Welcome to rippleTank!¶
rippleTank is a simulator that aims to help students understand how waves behave on a ripple tank, as well as motivating the use of computational tools to solve physical problems. Fully written with Python, rippleTank depends on the following libraries:
Installing¶
rippleTank is freely available on PyPI, thus can be easily installed with pip:
pip install rippleTank
The development version is hosted on GitHub, and can be installed by running the setup.py.
python setup.py install
How it works¶
A wave is described by the wave equation:
\(\nabla^2\psi = \dfrac{1}{v^2}\dfrac{\partial \Psi}{\partial t} \qquad \text{where } v \text{ is the propagation speed}\)
In order to solve the differential equation, a finite difference scheme is used.
Space is discretized in n_cells_x and n_cells_y, each cell has a value of \(\Psi\) stored on a matrix. For every cell whose location is not a boundary:
\(\Psi^{t+1}_{i, j} = 2\Psi^{t}_{i, j} - \Psi^{t-1}_{i, j} + \left(\dfrac{v\Delta t}{\Delta x}\right)^2\left(\Psi^{t}_{i, j+1} -2\Psi^{t}_{i, j} + \Psi^{t}_{i, j-1}\right) + \left(\dfrac{v\Delta t}{\Delta y}\right)^2\left(\Psi^{t}_{i+1, j} -2\Psi^{t}_{i, j} + \Psi^{t}_{i-1, j}\right)\)
If the boundary is closed:
\(\Psi^{t+1}_{boundary, j} = \Psi^{t}_{boundary, j}\)
\(\Psi^{t+1}_{i, boundary} = \Psi^{t}_{i, boundary}\)
\(\Psi^{t+1}_{boundary, boundary} = \Psi^{t}_{boundary, boundary}\)
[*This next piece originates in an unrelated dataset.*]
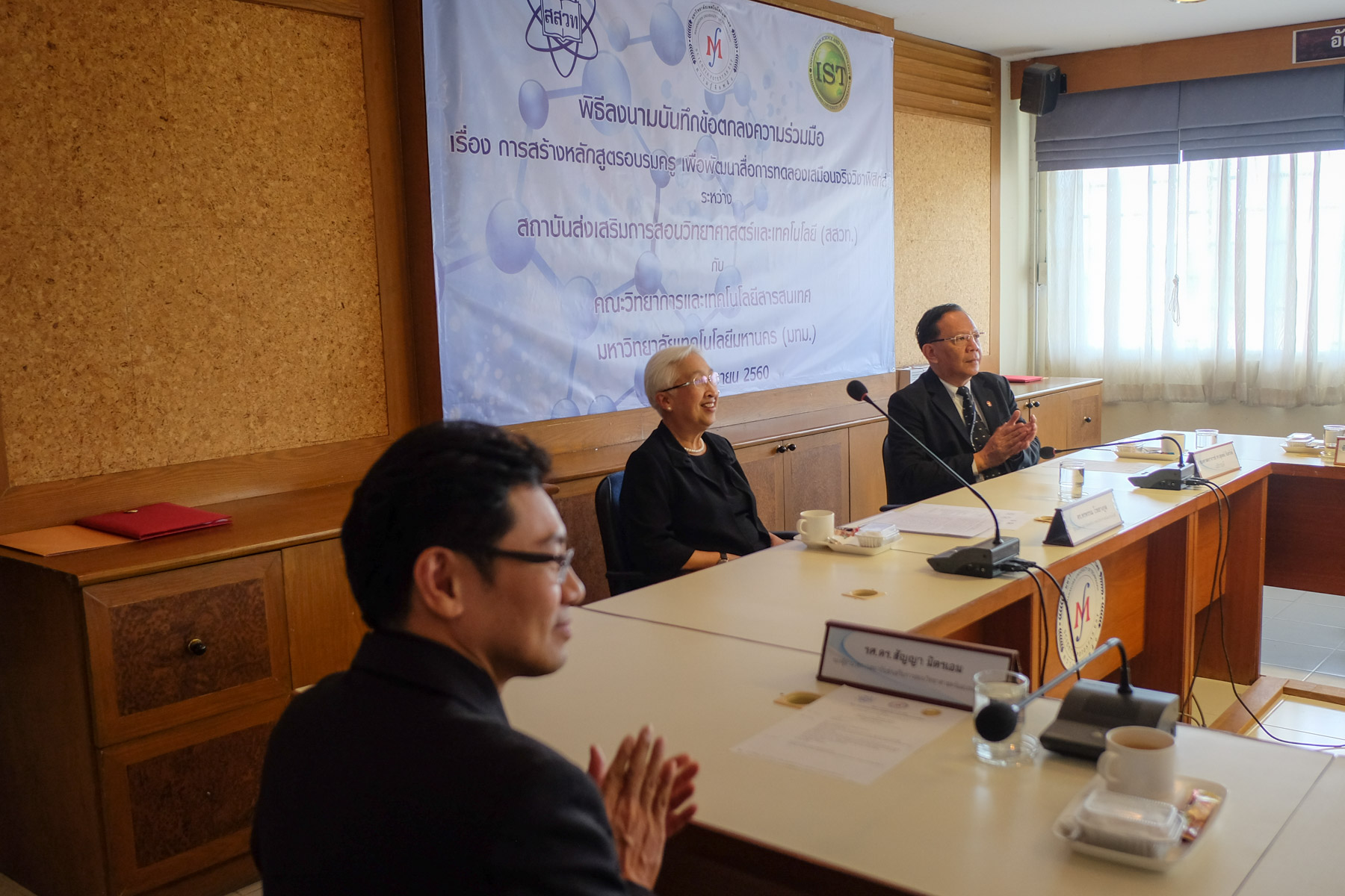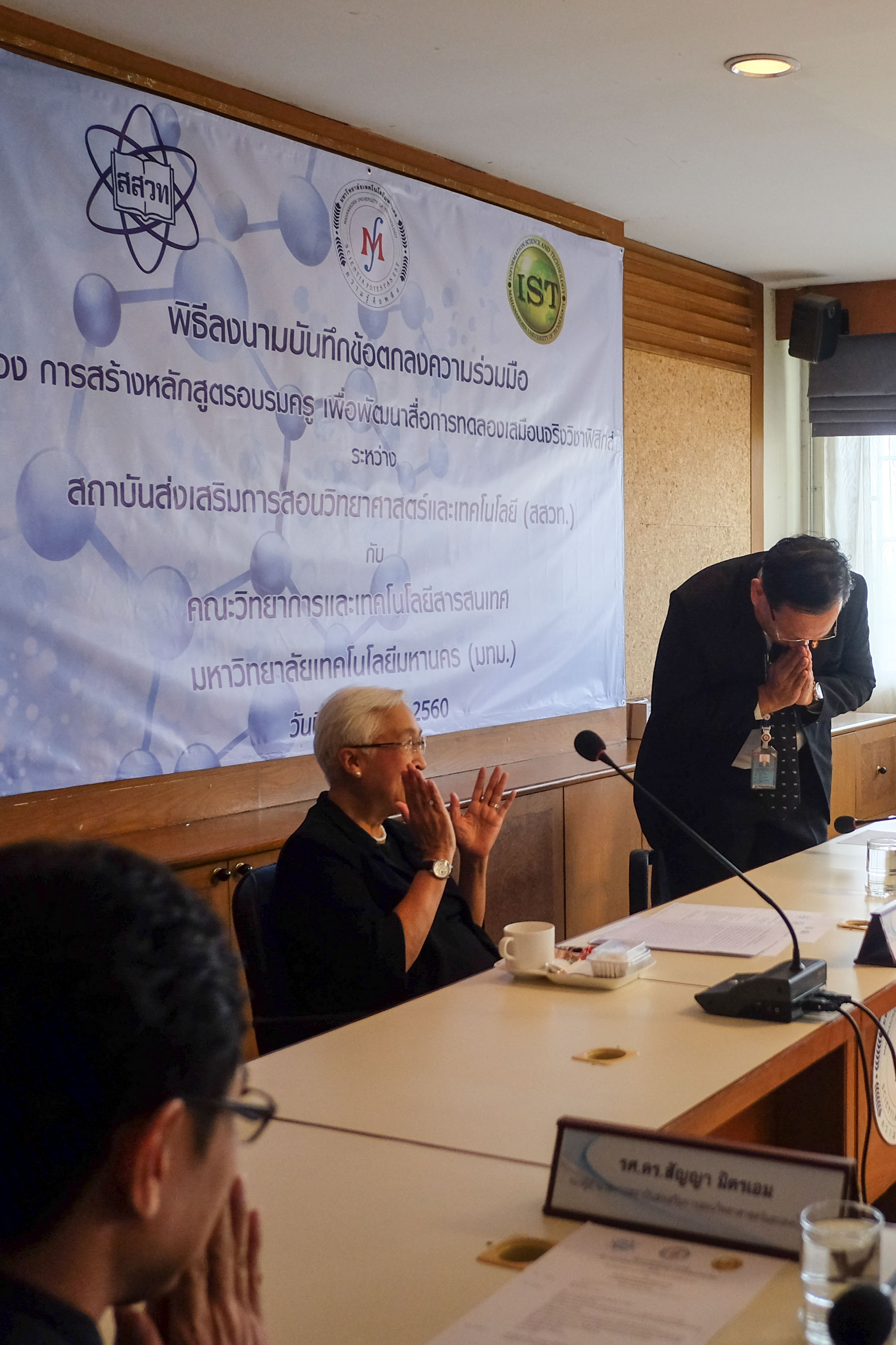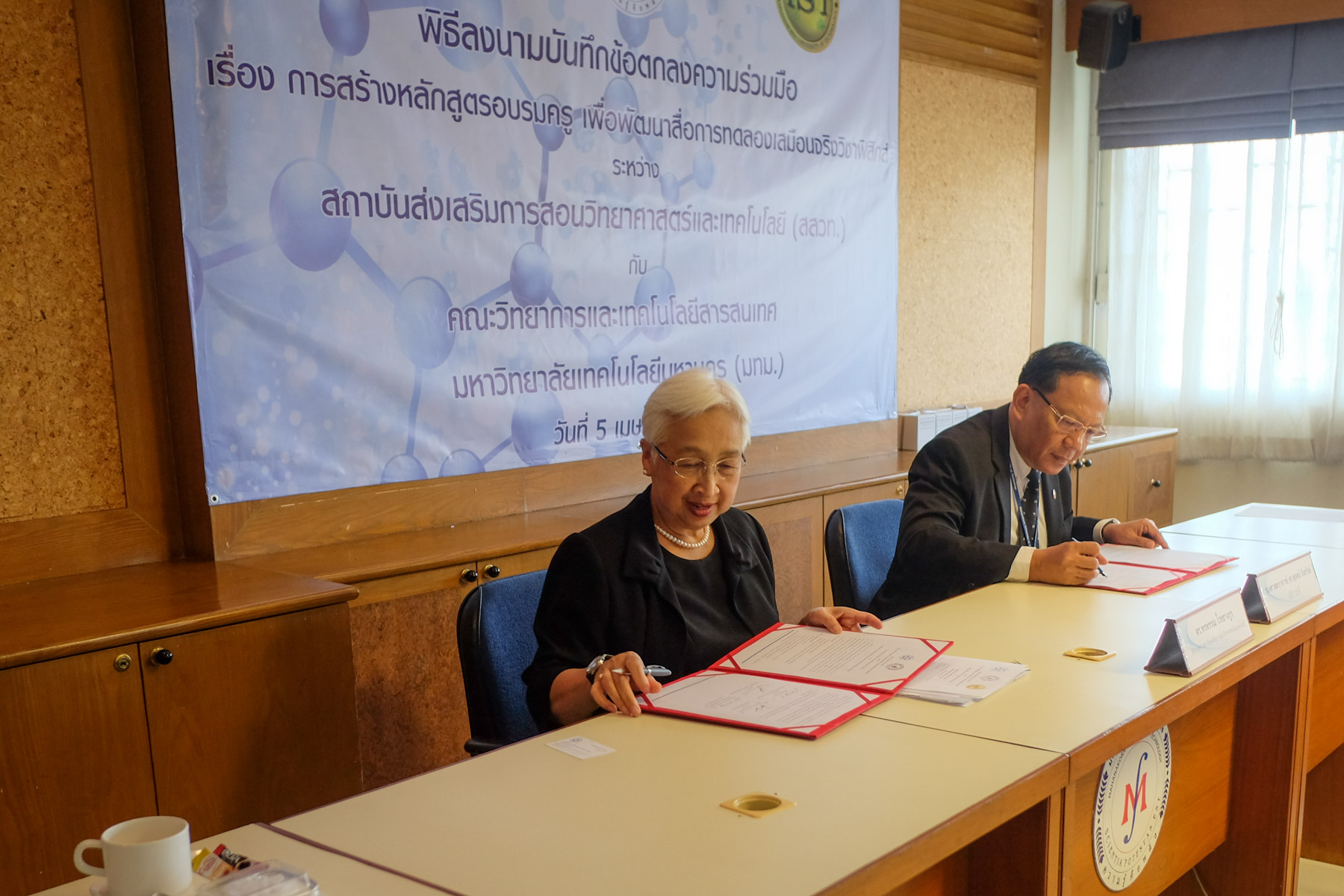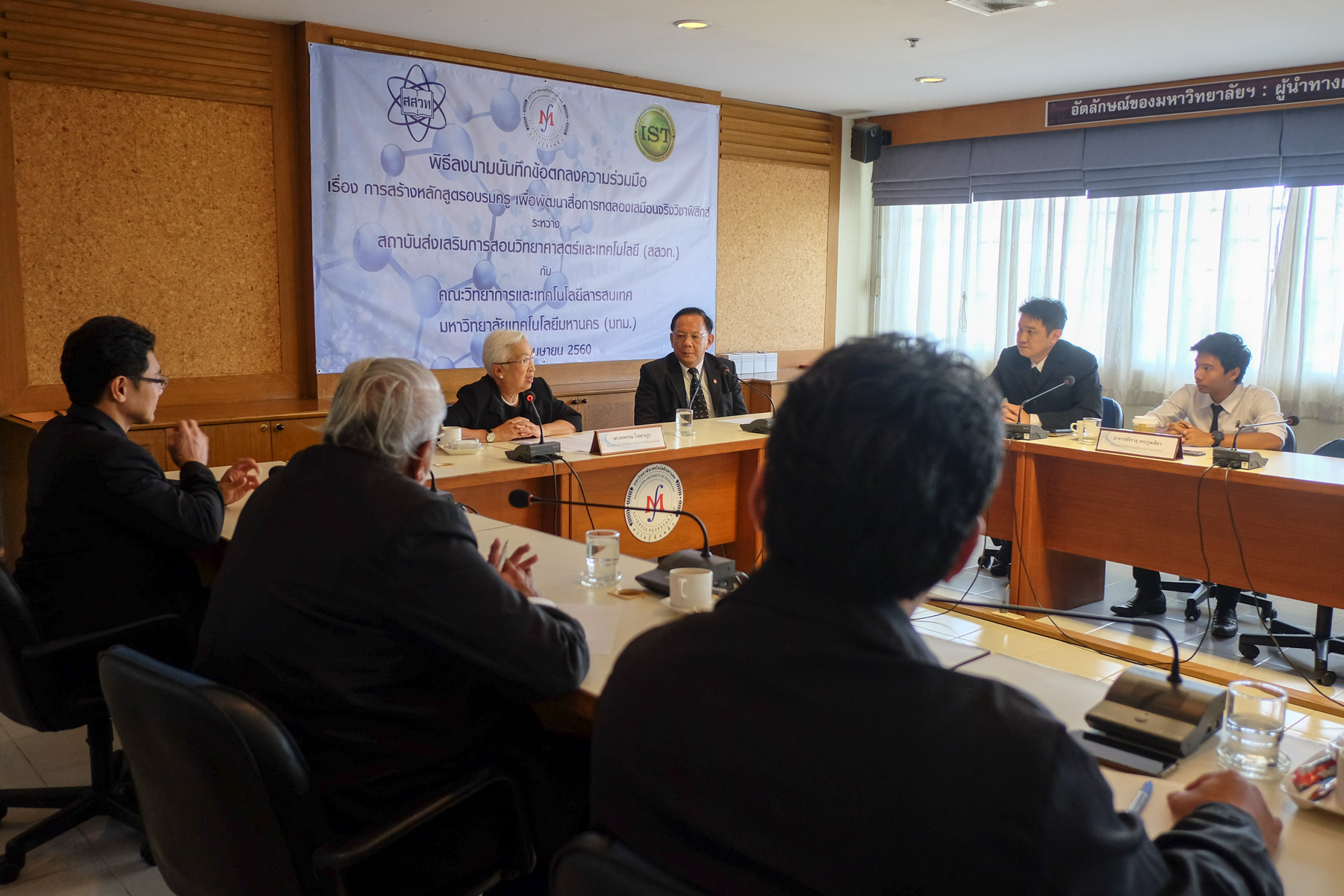 พิธีลงนามบันทึกข้อตกลงความร่วมมือ เรื่องการสร้างหลักสูตรอบรมครู เพื่อพัฒนาสื่อการทดลองเสมือนจริงวิชาฟิสิกส์ ระหว่าง สถาบันส่งเสริมการสอนวิทยาศาสตร์และเทคโนโลยี (สสวท.) กับ คณะวิทยาการและเทคโนโลยีสารสนเทศ มหาวิทยาลัยเทคโนโลยีมหานคร

For an open boundary the following relations are applied:
\(\Psi^{t+1}_{i, 0}=\dfrac{v\Delta t}{\Delta x}\left(\Psi^t_{i, 1} - \Psi^t_{i, 0}\right) + \Psi^t_{i, 0}\)
\(\Psi^{t+1}_{0, j}=\dfrac{v\Delta t}{\Delta y}\left(\Psi^t_{1, j} - \Psi^t_{0, j}\right) + \Psi^t_{0, j}\)
\(\Psi^{t+1}_{i, \text{n_cells_x}-1}=\dfrac{v\Delta t}{\Delta x}\left(\Psi^t_{i, \text{n_cells_x}-1} - \Psi^t_{i, \text{n_cells_x}-2}\right) + \Psi^t_{i, \text{n_cells_x}-1}\)
\(\Psi^{t+1}_{\text{n_cells_y}-1, j}=\dfrac{v\Delta t}{\Delta y}\left(\Psi^t_{\text{n_cells_y}-1, j} - \Psi^t_{\text{n_cells_y}-2, j}\right) + \Psi^t_{\text{n_cells_y}-1, j}\)
For a gaussian wave with open boundary conditions the result is:
Documentation¶
rippleTank is divided in four scripts: masks.py, sources.py, tank.py, examples.py. They contain the definition of three classes: Mask, Source and rippleTank.
Root class is rippleTank which defines the whole space in which the simulation will take place. Perturbations are included with Source objects and obstacules with Mask objects.